Если долго сидеть в общей гостиной, кто-нибудь начинает валять дурака с фотографиями кинозвезд, премьер-министров и поп-певцов.
«Ну-ка, Флоренс, – говорят они, – давайте-ка откроем ваши ящички!»
Я уже иногда не узнаю собственное лицо, а как прикажете узнавать этих? На каждую показанную фотографию я отвечаю: «Уинстон Черчилль», и вскоре от меня отстают и выбирают новую жертву.
Я пыталась объяснить это Джеку. Иногда воспоминания не хотят, чтобы их ворошили, и прячутся, съежившись, в самых дальних уголках.

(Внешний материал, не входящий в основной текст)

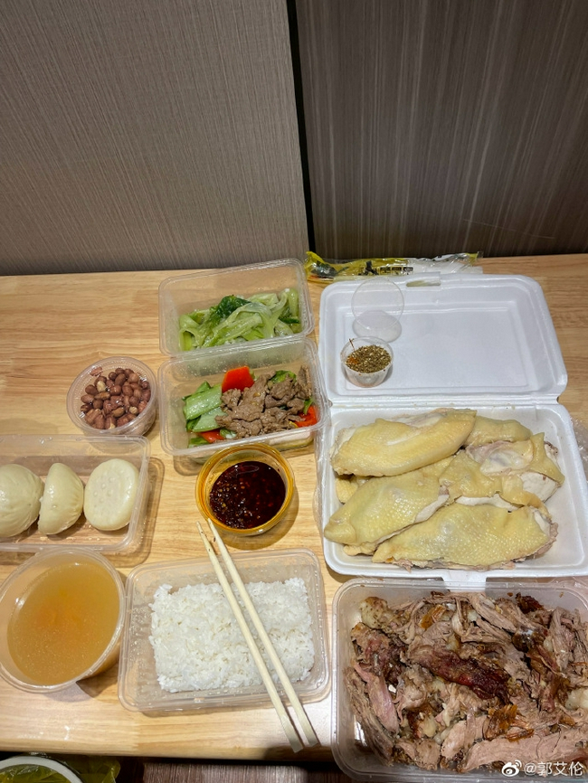 郭艾伦晒出了几张隔离房间的照片以及所吃的食物,并写道:“结束第一天…还有20个一天!杜导给大家拿的羊排不错@杜锋Dufeng”
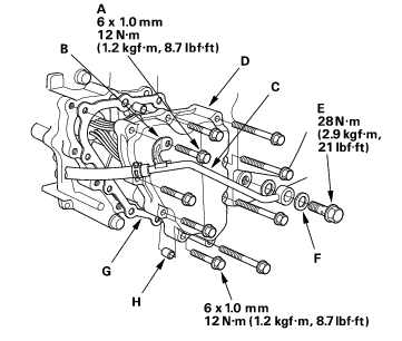 - Attach the torque converter to the drive plate with eight bolt (A). Rotate the crankshaft pulley as necessary to tighten the bolts to 1/2 of the specified torque, then to the final torque, in a crisscross pattern. After tightening the last bolt, check that the crankshaft rotates freely.

– Может, там был кто-то еще, кроме Клары, – настаивал Джек, – кто сможет вспомнить?
Я поглядела на Элси. Она сидела в углу комнаты, слушая наш разговор одними глазами.
– Сирил там был, – подсказала она. – Сирил вспомнит.
– Сирил Саутер?
– Видишь, – заключила Элси, – ты вовсе не полоумная, как сама себя называешь. Ты вспомнила его имя. Ты открыла ячейку, Флоренс!
До нас доходили слухи, что Сирил Саутер живет на широкую ногу, но мы не знали, верить или нет: порой старикам нечего делать, кроме как пересказывать небылицы, чтобы скоротать время. Однако слухи о Сириле оказались правдой.
– Думаете, он вспомнит вечер, когда умерла Бэрил? – спросил Джек, когда мы садились в машину.
– Как минимум выскажет свое ценное мнение по этому поводу, – отозвалась Элси.
– Главное, что у него все дома, – сказала я. – На столько же, как и раньше.
На парковке Крис втиснулся между деревянной скамьей и мусорным баком, и мы вылезли из машины на дорожку у канала. Я не была здесь много лет – с тех самых пор, как мать Элси до изнеможения ходила по берегу, разговаривая со свежим воздухом, а мы следили издали. Мне запомнилось, что воздух тогда пах странно, но когда я сейчас вдохнула полной грудью, странного запаха не осталось. Трава, листва, слабо тянуло дизельным топливом. Наверное, мне запомнился послевоенный запах, когда во всем мире пахло усталостью и страданиями.
Впереди были пришвартованы несколько яхт – целая коллекция цветов и золотых букв. Они синхронно покачивались у стенки канала, точно группа заговорщиков.
– Как думаешь, какая Сирила? – спросила Элси.
– Наверняка какая-нибудь белая ворона. – Я прищурилась на солнце. – Которая на вид будто не отсюда.
Оставив Криса, мы зашагали к яхтам. Семейство уток плыло за нами по каналу, прорезая воду решительной линией, будто спеша на очень важную встречу.
– Главная прелесть, – говорил Джек, постукивая тростью по дорожке, – открыть утром шторы и увидеть вот такой вид, а не дверь черного хода из столовой.
– И все вокруг замедляет свой бег, – подхватила я, – будто кто-то вынул ключ из часов.
– Часы уже давно не заводят ключом. – Элси взяла меня под руку. – Наверное, в этом-то и беда.